To form a chain of blocks, the header of each block will contain the hash of the previous block. Now if a criminal tried to change any transaction in a past block, its hash would change, which will make its proof of work invalid and will also change the header of the next block and its hash. This would make all the following blocks have invalid proof of works.

Blocks with transactions are connected in a chain

Proof of work makes it computationally infeasible to modify past blocks, making them effectively unalterable. This is known as immutability and is why blockchains are secure for transacting money and are censorship-resistant.

Since each of the blocks are linked tightly to each other, we call this type of ledger a blockchain.

Miners

In practice, there’s only a subset of users who compute proof of works. These people are known as miners.

Miners listen for transactions, bundle them into a block, and then start computing a proof of work for their block. If they find a valid proof of work before anyone else they’ll broadcast their block to the entire world. If somebody else creates a valid block before they do, they’ll update their ledger and get started on the next block in the chain.

Computing proof of works for blocks takes a lot of computing power and energy. To incentivise miners, there are block rewards. The creator of any block is rewarded with some Ledger Coin for their work.

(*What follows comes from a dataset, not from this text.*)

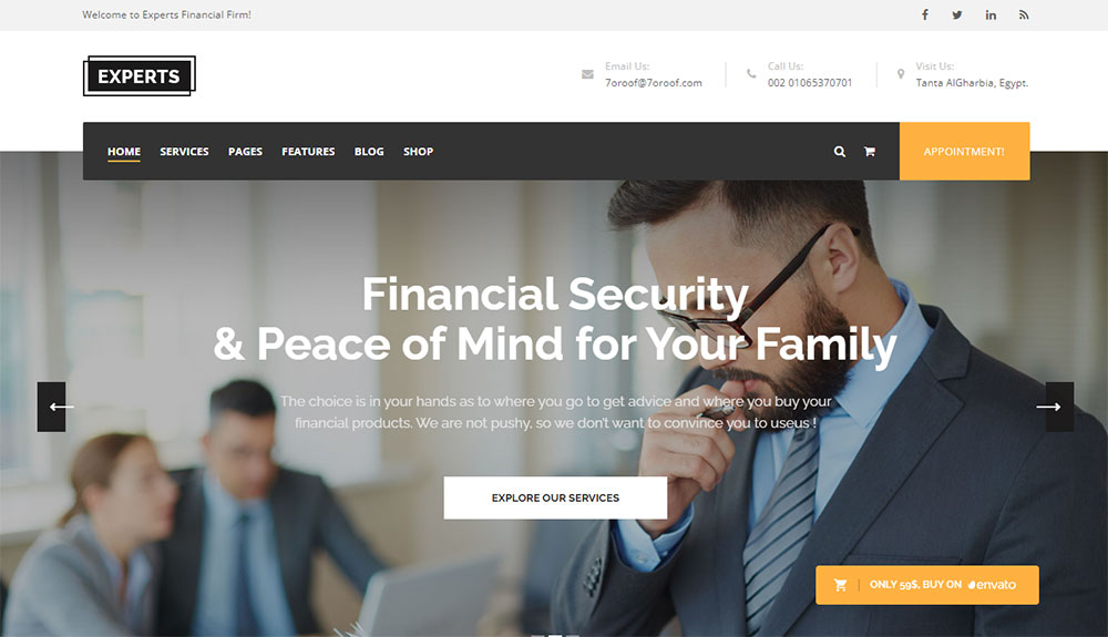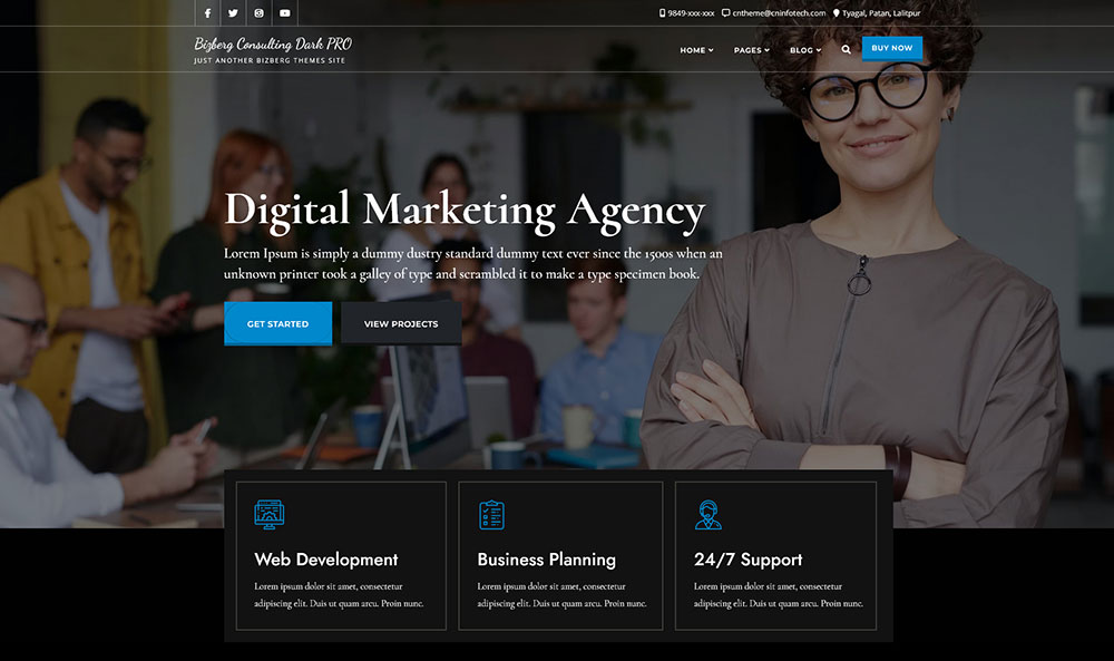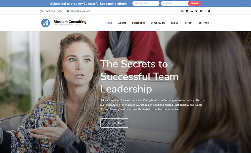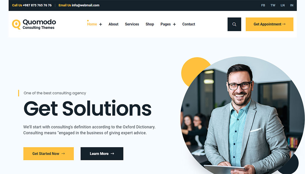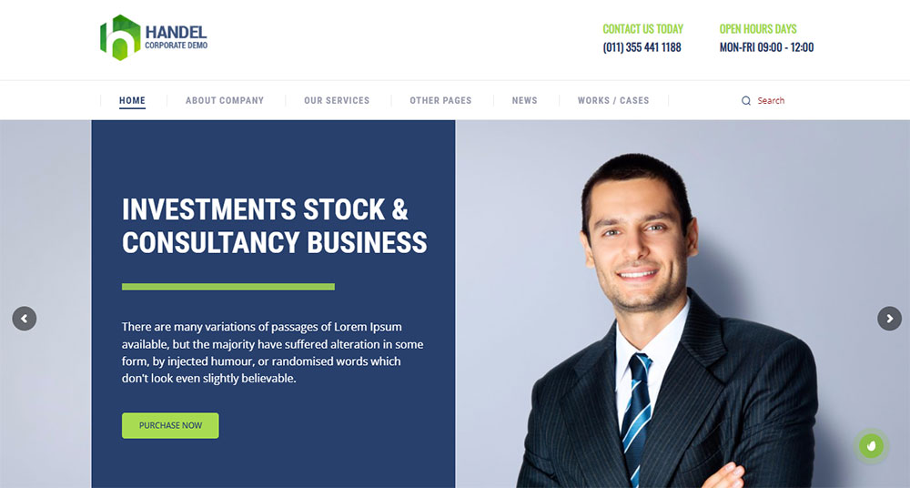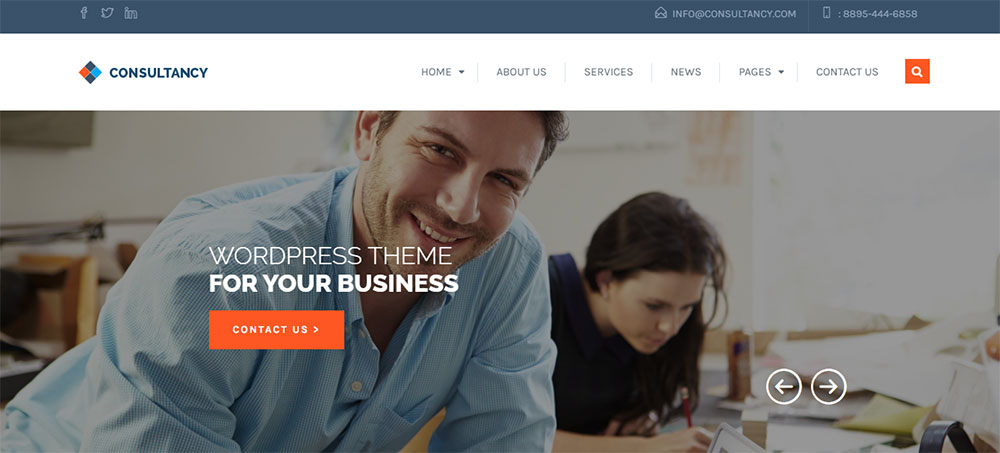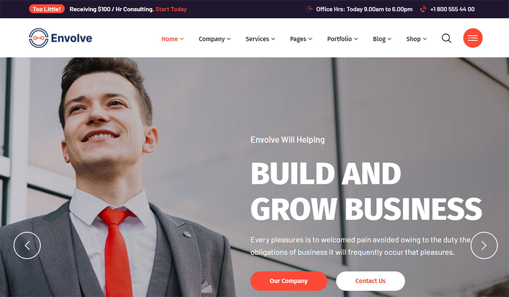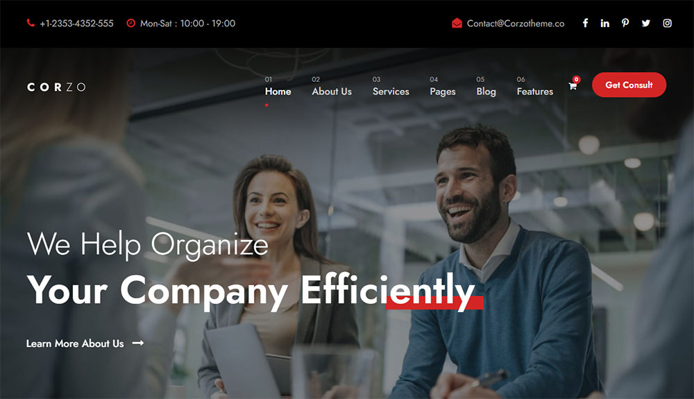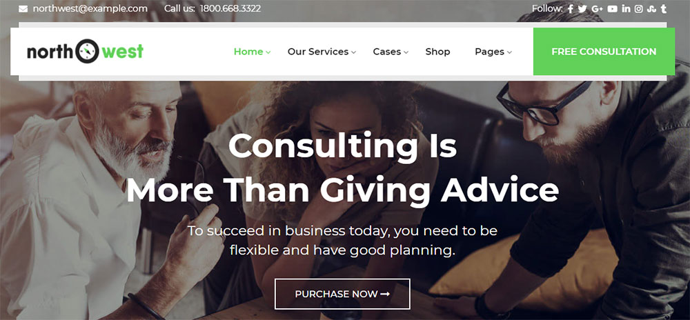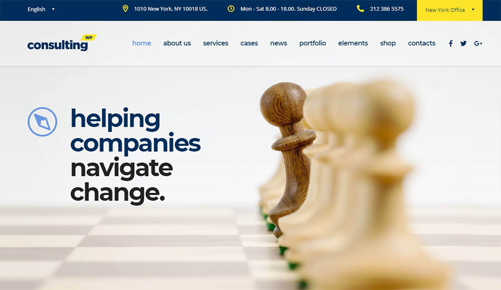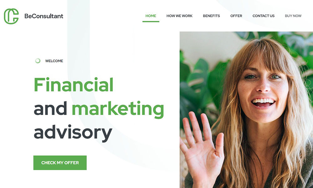 This is one of the best choices for small business consulting companies. It has more than ten ready-made home pages, as well as templates for other website sections.

This is the only way that new ledger coins are introduced into the blockchain network. There’s no central government that mints new coins. New coins come into being from miners who create blocks.

Blockchain!

We now have a full outline for how a decentralized currency system works!

  • Anyone can submit a transaction to be put in a block
  • Transactions are signed so users can only spend their own money
  • Users can only spend money that they actually have
  • Proof of work shows that computational work has been put into a block
  • Blocks are chained together so that past transactions cannot be modified
  • Miners are users who bundle transactions into blocks and find valid proof of works. They’re rewarded with cryptocurrency when they “mine” a block
  • Honest users will always trust the longest chain of blocks

If you’d like to play around with Blockchain concepts like hashing or mining, this website has great interactive demos.

Blockchain and Beyond

Blockchains aren’t only limited to Bitcoin. Ethereum is another technology that uses blockchain to allow users to do almost any computation in a decentralized and immutable manner. It allows for decentralized computing, file storage, investing and more.